= Collected data entries =
[Start of Attachment]

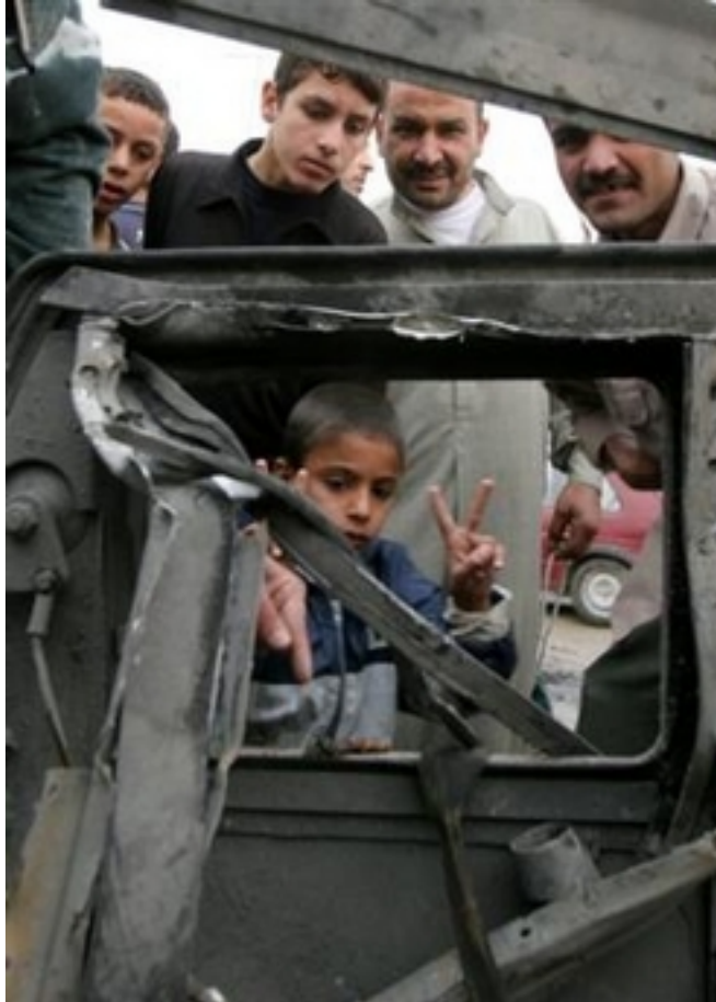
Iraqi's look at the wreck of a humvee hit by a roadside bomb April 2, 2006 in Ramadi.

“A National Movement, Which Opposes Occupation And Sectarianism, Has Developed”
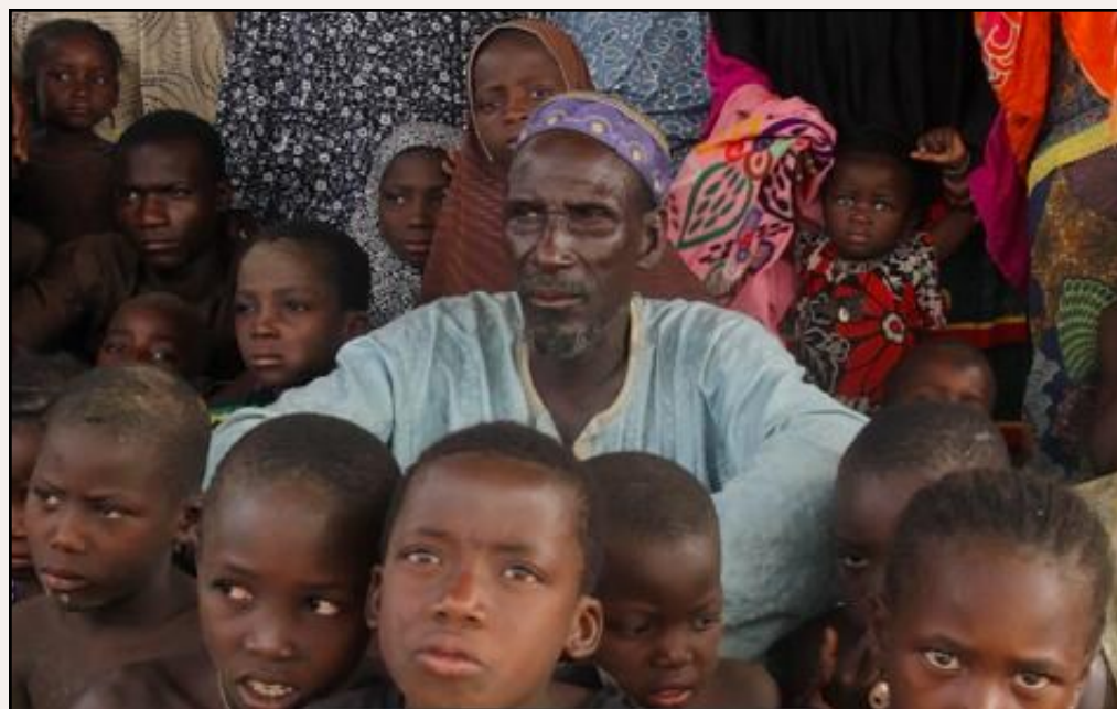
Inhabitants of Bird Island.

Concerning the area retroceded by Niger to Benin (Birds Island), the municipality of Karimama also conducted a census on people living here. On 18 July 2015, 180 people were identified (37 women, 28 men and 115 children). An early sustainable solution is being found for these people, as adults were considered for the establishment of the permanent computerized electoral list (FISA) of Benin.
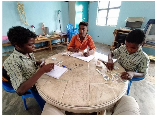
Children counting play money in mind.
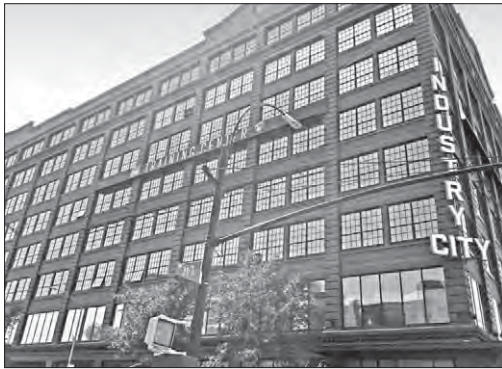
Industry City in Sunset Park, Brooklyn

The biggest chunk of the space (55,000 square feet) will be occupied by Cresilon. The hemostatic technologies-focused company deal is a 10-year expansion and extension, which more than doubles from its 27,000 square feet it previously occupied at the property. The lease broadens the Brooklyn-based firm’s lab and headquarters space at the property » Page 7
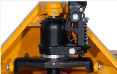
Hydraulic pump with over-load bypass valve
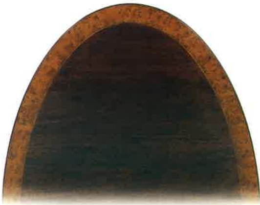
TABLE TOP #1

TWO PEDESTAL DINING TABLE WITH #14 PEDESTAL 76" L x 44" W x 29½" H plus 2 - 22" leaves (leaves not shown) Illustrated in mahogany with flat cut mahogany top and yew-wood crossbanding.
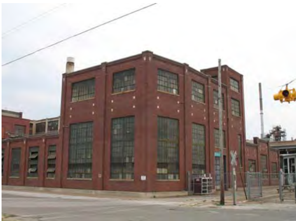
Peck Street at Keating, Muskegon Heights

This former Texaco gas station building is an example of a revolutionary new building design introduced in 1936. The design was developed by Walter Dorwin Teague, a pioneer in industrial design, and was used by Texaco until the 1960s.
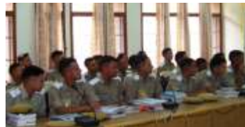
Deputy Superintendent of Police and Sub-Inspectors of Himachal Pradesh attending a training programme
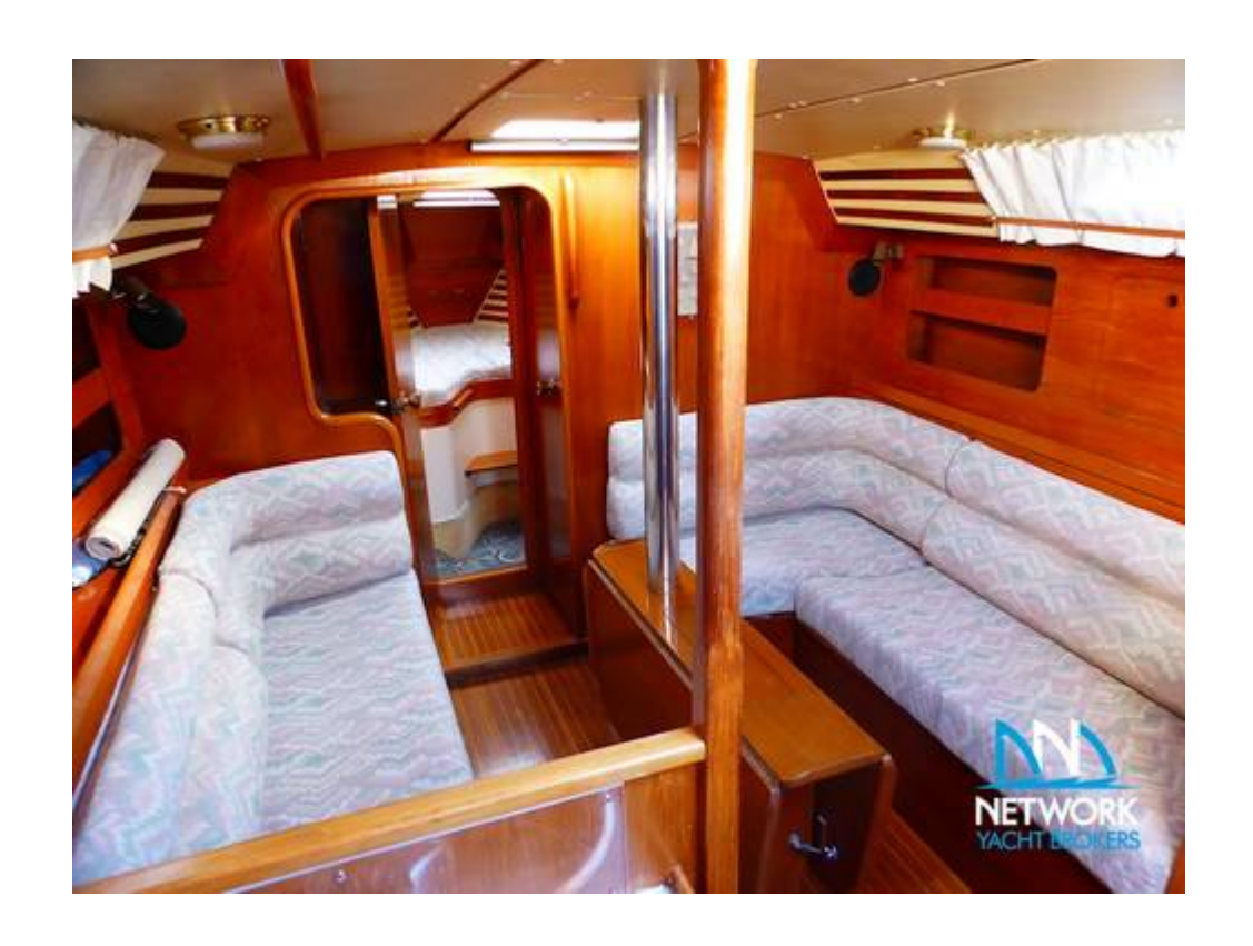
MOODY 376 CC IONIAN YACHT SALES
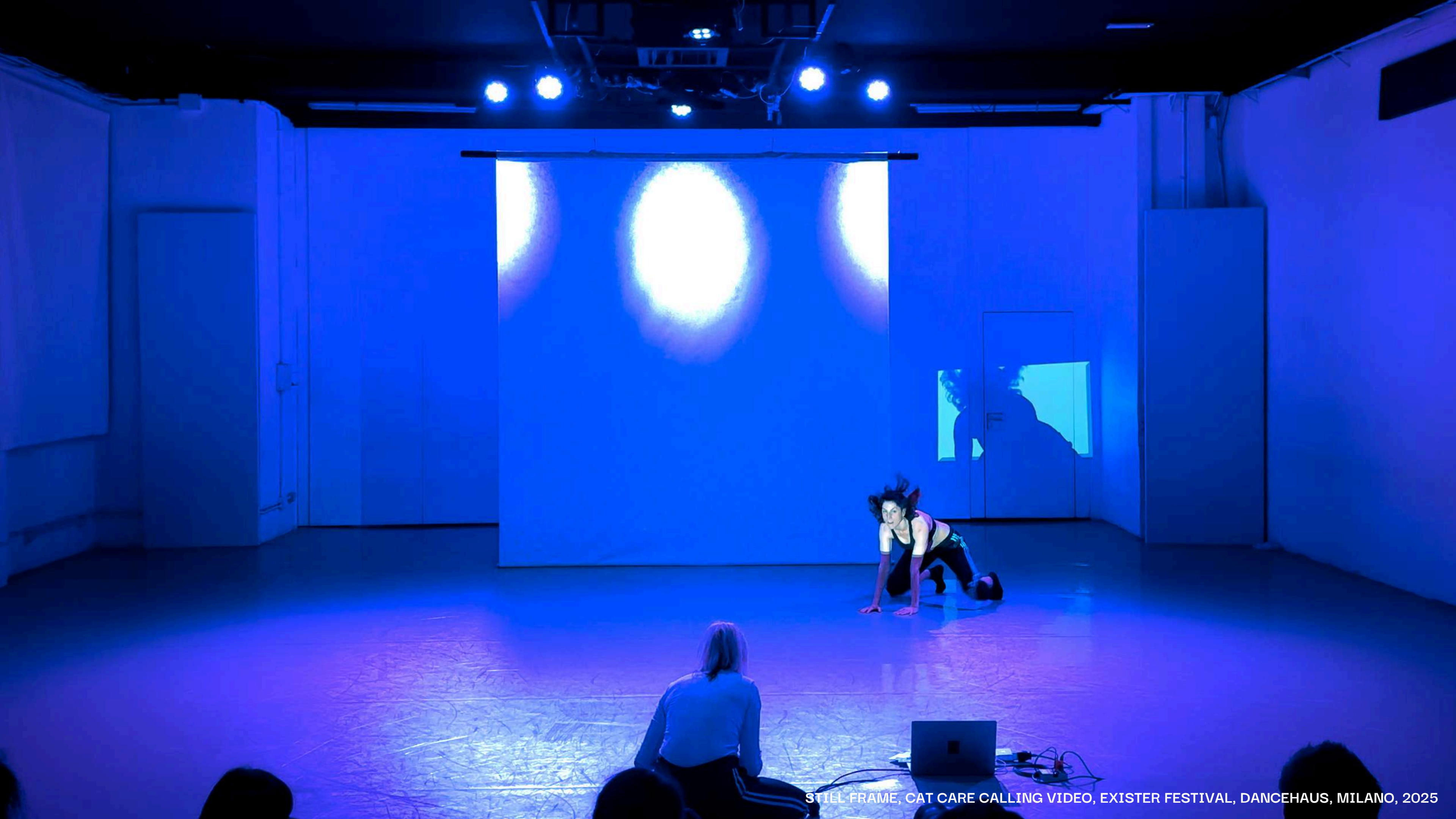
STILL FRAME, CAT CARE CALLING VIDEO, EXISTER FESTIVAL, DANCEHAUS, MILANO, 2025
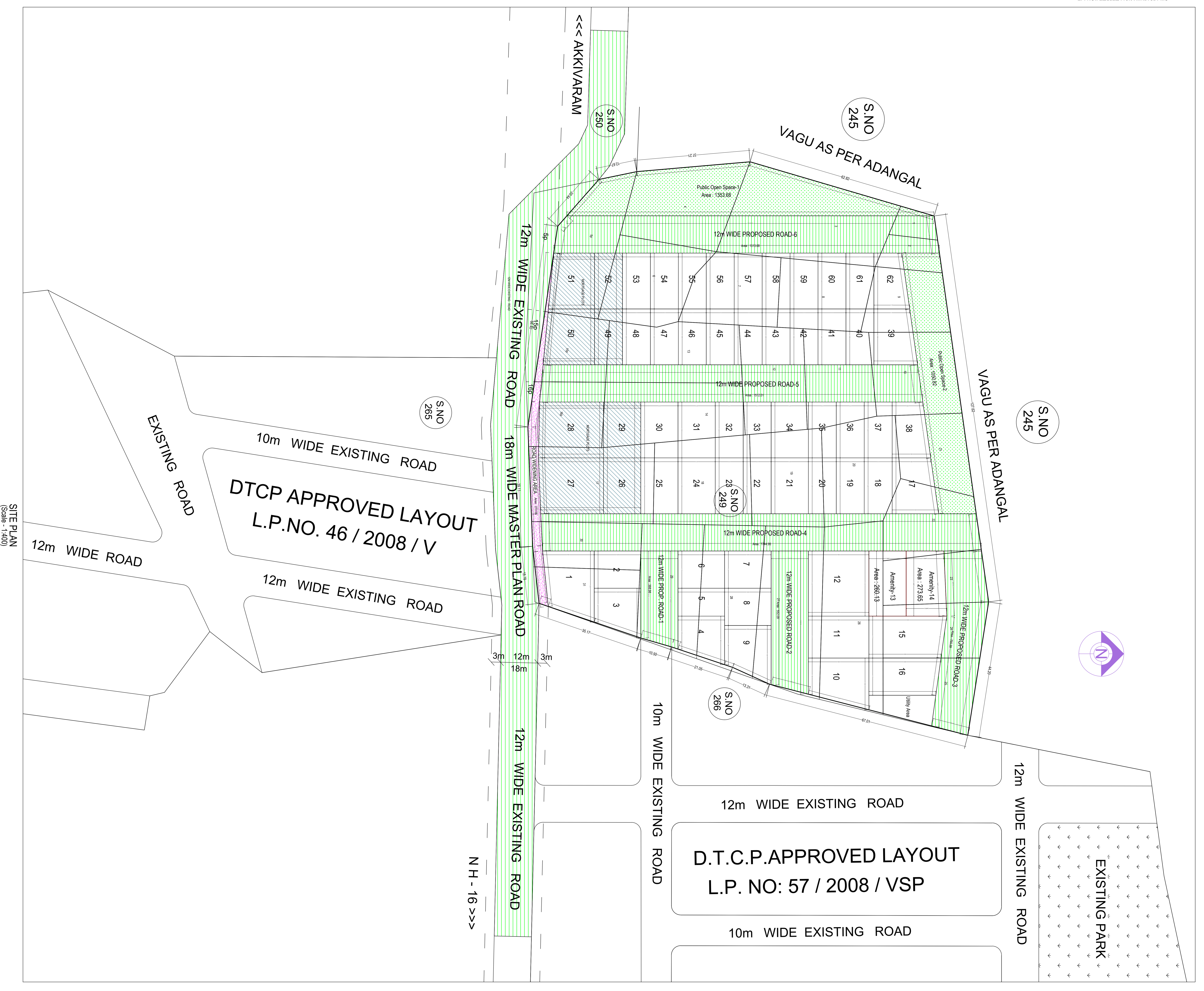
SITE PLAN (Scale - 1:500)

[End of Attachment]

= TASK ITEM =
Every line from the top of the entries through the line that holds "Children counting play money in mind." is to be quoted exactly, please, and nothing else; omit the pictures.

= TASK ANSWER =
Iraqi's look at the wreck of a humvee hit by a roadside bomb April 2, 2006 in Ramadi.

“A National Movement, Which Opposes Occupation And Sectarianism, Has Developed”
Inhabitants of Bird Island.

Concerning the area retroceded by Niger to Benin (Birds Island), the municipality of Karimama also conducted a census on people living here. On 18 July 2015, 180 people were identified (37 women, 28 men and 115 children). An early sustainable solution is being found for these people, as adults were considered for the establishment of the permanent computerized electoral list (FISA) of Benin.
Children counting play money in mind.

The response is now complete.